RETOMADA DO MENSALÃO FEZ DILMA ENCARAR O PR 
A presidente Dilma decidiu encarar a cúpula do Partido da República, afastando-a do comando do Ministério dos Transportes, não por meras “suspeitas”, mas após ser informada, por órgãos de inteligência, de que o PR teria implantado um novo mensalão, com distribuição de dinheiro vivo para parlamentares. A informação foi confirmada por fonte ligada ao Palácio do Planalto. O caso deve ser remetido à Polícia Federal.

AFASTAMENTO 
Ao tomar conhecimento do esquema, Dilma mandou afastar Mauro Barbosa e Luiz Tito, ex-assessores do ministro, e Luiz Pagot, do Dnit.

BANCADA MENSALEIRA 
A denúncia a ser investigada é que mais de trinta deputados do PR e outros dez de partidos menores estariam na folha do novo “mensalão”.

VELHO CONHECIDO 
Valdemar Costa Neto (SP), “dono” do PR, é réu do STF no mensalão do era Lula, e está sujeito a mais de um século de prisão.

HÁ EXCEÇÕES 
Políticos do PR como o senador Clésio Andrade (MG) e Sandro Mabel, que não rezam na cartilha do “dono”, sofrem ameaças de expulsão.

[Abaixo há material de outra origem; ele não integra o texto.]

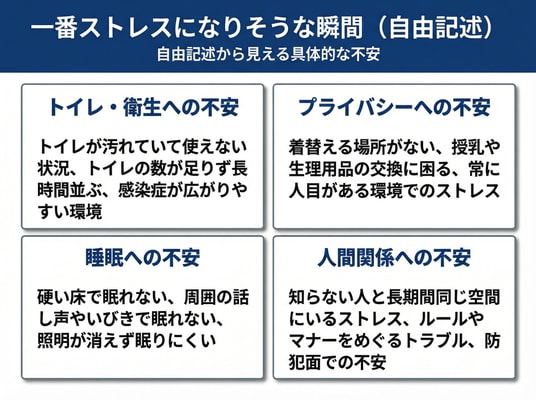 また、人間関係や防犯への不安、ペット同伴の難しさなども散見され、避難所でのストレスは物資不足だけでなく、環境・ルール・同居ストレスに強く左右されることが示唆されます。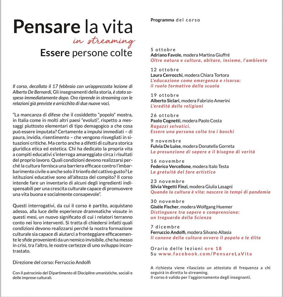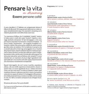 Le lezioni saranno online alle 18, in forma dialogica, sulla pagina fb http://www.facebook.com/PensareLaVita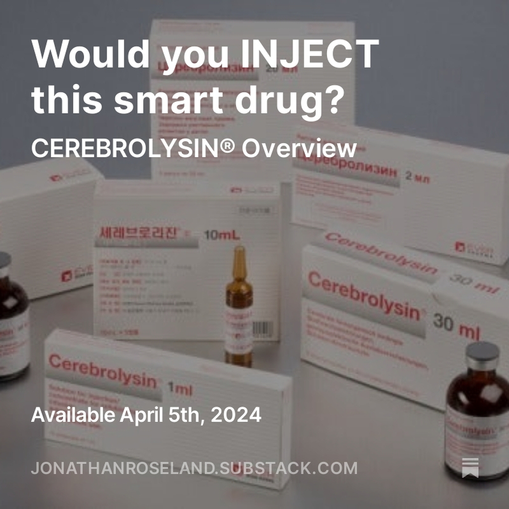 The distinguishing characteristic of #Cerebrolysin is that you inject it (intramuscularly as opposed to intravenously, which should make you feel like less of a junky). It can increase your Brain-Derived Neurotrophic Factor by as much as 600%.
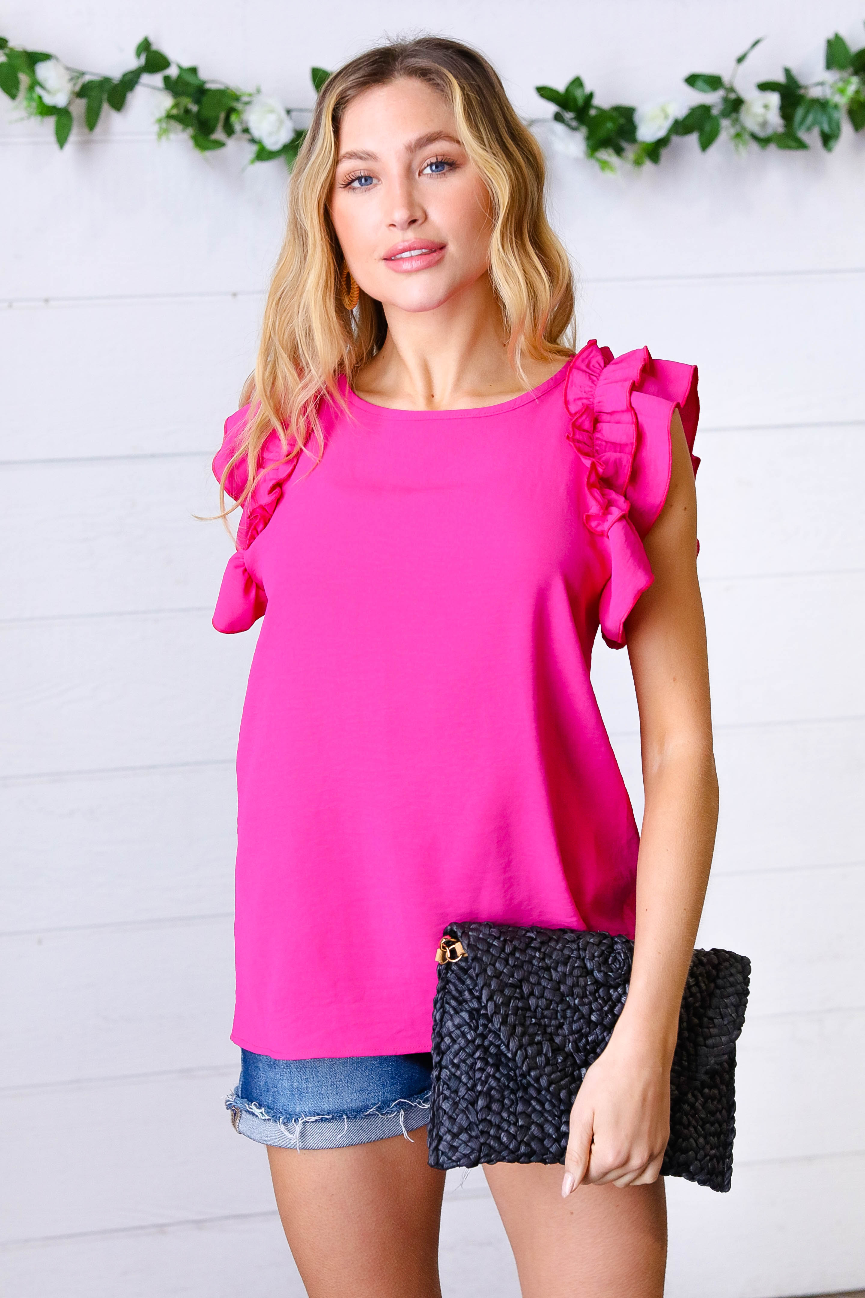 Get ready for date night in this double ruffle short sleeve top featuring a classic round neck. A back clasp keyhole and crinkle material complete this charming style.

ANTAQ APROVEITA CRISES PARA FORÇAR “PRIVATIZAÇÃO” 
Fernando Fialho, diretor-geral da Agência Nacional de Transportes Aquaviários (Antaq), aproveitou as crises políticas envolvendo os ex-ministros Antonio Palocci e Alfredo Nascimento para tentar emplacar – em longo ofício ao Tribunal de Contas da União – o entendimento de empresas como a empreiteira Odebrecht, favorável à privatização branca dos portos no País, em posição oposta a do governo Dilma.

NOVO MARCO 
Ainda ministro, Antonio Palocci informou ao TCU que o governo apenas estuda um novo marco regulatório para o setor portuário.

MUITO SUSPEITO 
O Sindicato dos Operadores Portuários da Bahia também fez ao TCU grave denúncia sobre o favorecimento da Antaq a grupos privados.

OUTRA DA ANTAQ 
A denúncia: a Antaq cobra R$ 6,90 dos portos públicos por tonelada de carga movimentada e só R$ 0,36 dos privativos, em prejuízo do Erário.

HONRA AO MÉRITO 
Diretor de Infraestrutura do Dnit, o petista Hideraldo Caron, que as más línguas chamam de “Caríssimo”, tem prestígio em Minas: ganhou do governador tucano Antonio Anastasia a medalha da Inconfidência. 

TRAJETÓRIA 
O gaúcho Hideraldo Caron é um sobrevivente: teve contas rejeitadas na direção do Departamento de Estradas e Rodagens e apareceu em inquérito criminal em 2006, por suposto envolvimento na máfia
do lixo. 

CLASSIFICADOS 
Um presidente desempregado ronda nossas fronteiras: o Senado do Paraguai rejeitou a emenda constitucional permitindo a reeleição do ex-bispo papão Fernando Lugo. Nem poderá se queixar a ele mesmo. 

LUZ NO TÚNEL 
Na última visita ao Rio Grande do Sul, o então presidente Lula bancou o durão em público, com seu amigo Hideraldo Caron, na duplicação da BR-101: “Quantos palavrões eu disse e batidas na mesa eu fiz (ao telefone). Toda reunião eu perguntava (a Caron): “E o meu túnel?”. 

ABANDONO 
A Academia Brasileira de Letras esperava que o imortal Paulo Coelho, campeão mundial de vendas, fosse o seu “garoto propaganda” mundo afora. Ele vive na França, e nem por carta votou, nas últimas eleições.

E O CLIENTE, Ó... 
Leis municipais proíbem agora que clientes falem ao celular dentro dos bancos. É para dificultar as “saidinhas”, quando o malandro identifica a vítima e avisa ao comparsa na rua. Com a polícia é incapaz de combater o roubo, o cliente, coitado, cada vez mais perde os direitos de cidadão.

TUNGA NO AEROPORTO 
Quem vai viajar e tenta comprar dólares ou euros na casa de câmbio Confidence, do aeroporto de Brasília, é surpreendido pela cobrança de uma tarifa da Infraero no valor de R$ 10. E ninguém é processado.

AVON CHAMA! 
Depois da China, México, Argentina, Índia e Japão, a corrupção bate à porta da multinacional de cosméticos no Brasil: a Justiça americana vai investigar suposto suborno a autoridades para “agilizar” negócios.

PERGUNTA NA ESTRADA 
No Dnit, “taxa de sucesso” virou “taxa de escopo”? 

PODER SEM PUDOR
MÃO NA CUMBUCA 
Dia desses, em plena crise das denúncias de ladroagem no Ministério dos Transportes, o abonado senador Blairo Maggi (PR-MT), maior plantador de soja do planeta, dirigiu-se ao caixa logo após almoçar no restaurante do Senado. Muito à vontade, mergulhou a mão direita no baleiro sobre o balcão, enchendo-a de caramelos e balinhas. Justificou:
– Tenho que me abastecer para o resto da tarde...
Como se não tivesse condições de comprar as guloseimas por seus próprios meios.